(Credits: Far Out / Alamy)
Wed 20 August 2025 23:00, UK
In my local pub quiz, there was recently a picture round on celebrity mugshots. It’s where I learned that young Frank Sinatra was actually quite good-looking, and that Mick Jagger had once been behind bars. But a picture you wouldn’t expect to see there is Paul McCartney.
Mention the word Japan to the former Beatle and you’re likely to send a shiver down his spine, as the memory of his brush with criminality in the country will forever haunt him – mainly because it was all his own fault. I mean, who would be stupid enough to flagrantly put marijuana in your suitcase without making any attempt to hide it?
Macca, that’s who. It was early 1980, and he was still flying high – literally and metaphorically – with Wings when the band headed from America to Japan to tour. But after years of smoking pot and getting away with it, let’s just say McCartney had lost sight of the fact that the substance was actually illegal. As such, when his suitcase was pulled aside for a security check in Tokyo’s Narita International Airport and a 7.7-ounce bag was found in between his T-shirts and souvenirs, the authorities weren’t exactly fooled.
Subsequently, the mega star was roundly bundled into a police car and sent straight to prison, where he was terrifyingly informed that he could be facing up to a decade behind bars. Talk about a career going down the pan. Naturally, McCartney was torn to shreds as the world’s media went into a tailspin. But the odd thing is, the jail life allows you to escape from all of that, and for the first time in a long time, he truly had no identity. This was not a Beatle, this was inmate #22.

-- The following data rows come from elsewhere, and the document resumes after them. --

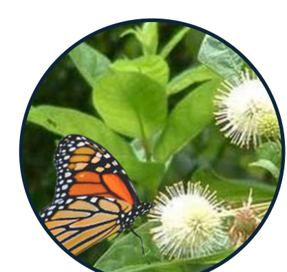
Cephalanthus occidentalis Buttonbush
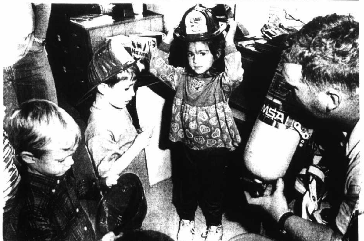
Members of the Southport and Military Ocean Terminal Sunny Point fire departments discuss fire prevention at the Southport Baptist Church Lay School during Fire Prevention Week. Educational program conducted at South Brunswick Middle School, the Montessori school and Southport Elementary.
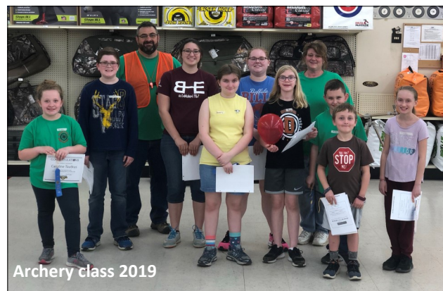
Archery class 2019

DATE: Saturday, February 29, 9 am - 12 pm COST: $15.00 supply fee payable to U of I Extension (includes supplies for a completed item, extra fabric, etc.) LOCATION: U of I Extension Peoria office TO REGISTER: Call the Extension office at 685-3140 or go online: https://extension.illinois.edu/events/2020-02-29-beginner-sewing-workshop
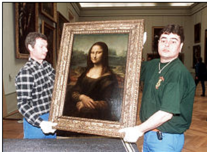
Employees of the Louvre hold the "Mona Lisa" in the museum.
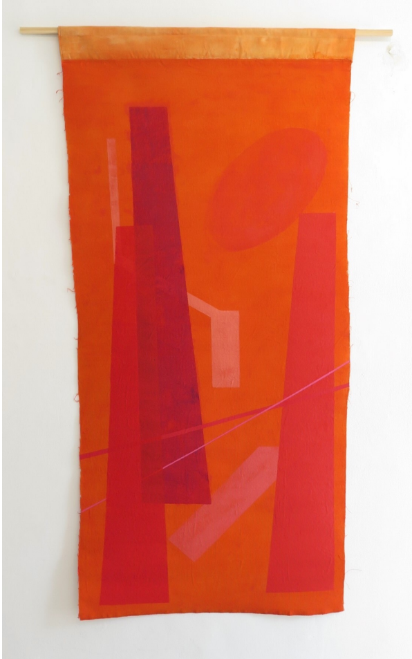
Contacto V , 2022 Acrylic on canvas 66.14 x 30.71 in Unique artwork Certificat d'authenticité INV Nbr. GY202020181
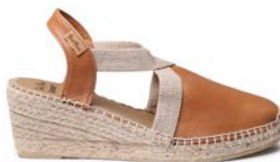
TUNDRA TAN $160
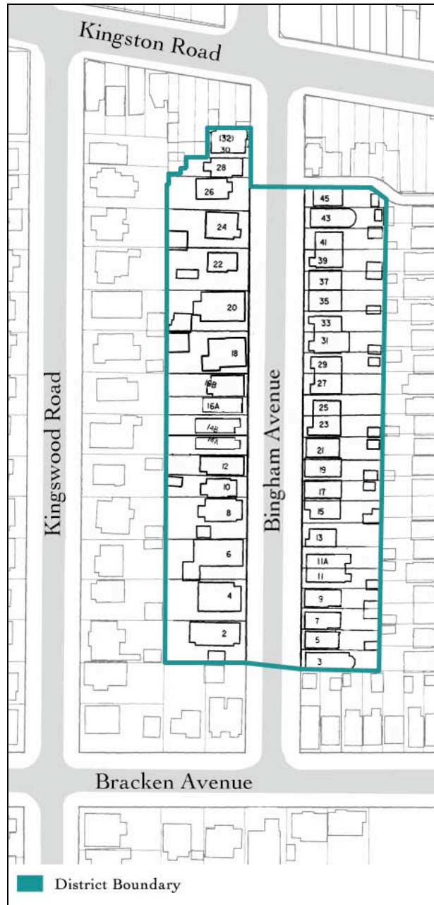
Figure 2. Heritage Conservation District Boundary – Bingham Avenue

The house types and streetscape features of Bingham Avenue represent a settlement pattern that is unique to this area of Toronto, and that has been identified by the city as distinct from adjoining streets. This Heritage Conservation District Plan proposes a district boundary that includes the existing residential lots and structures fronting on Bingham Road from number 2 to 45.
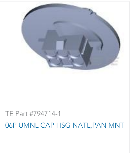
TE Part #794714-1 06P UMNL CAP HSG NATL,PAN MNT
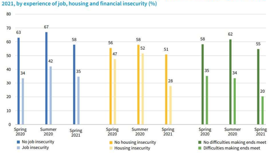
Figure 41: Proportions of people aged 18-29 feeling optimistic about their own future, spring 2020 to spring

Moreover, young people are relatively pessimistic about the future. The graph below, produced by Eurofound in the wake of the COVID-19 pandemic (between 2020 and 2021), illustrates young people's growing uncertainty about their own future.
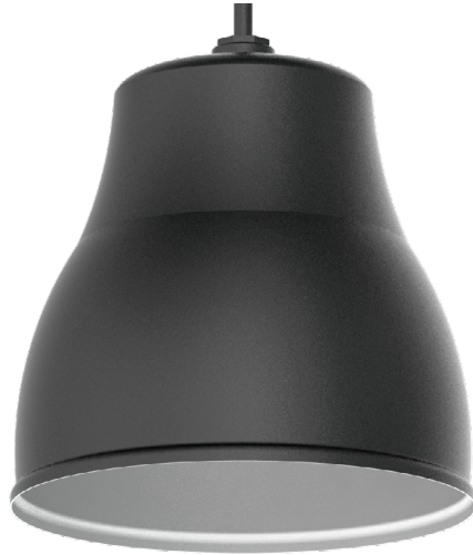
SP1414GV MB - Matte Black MWI - Matte White Interior

In a converse way to what was intended, McCartney rather seemed to enjoy the jailbird lifestyle – fitting in with the fellow cons and taking part in a daily routine of activities with a newfound sense of anonymity. Of course, everyone else on the outside was less than impressed. Linda was up in arms, his lawyers were fighting valiantly against the Japanese authorities who would not budge, and his bandmate turned nemesis, John Lennon, was hardly sympathetic to the news.
“If he really needs weed, surely there’s enough people who can carry it for him,” Lennon reportedly told his housekeeper upon catching wind of the convict’s antics. “You’re a Beatle, boy, a Beatle. Your face is in every damn corner of the planet. How could you have been so stupid?” To be fair to him, McCartney was not blind to the error of his ways, as he later responded to speculation that he had been framed by admitting, “I think I was just stupid. And I paid the penalty.”
Let’s be real – Macca was never going to spend ten years in jail, not least because of the burden he would cause to the Japanese state to ensure his security. In total, his sentence amounted to nine days before his lawyers had won the case to set him free, but it did cost him the tour and possibly the future of Wings in the process.
But you wouldn’t be surprised if the man never wanted to return to the fated country again, not least by the less than welcome reception he would inevitably receive from the airport security upon arrival. Yet undeterred, Macca did come back, first in 1990 on a solo tour, and then numerous times in the decades since. The essential difference is that on all those other occasions, his stash of weed was most definitely left at home.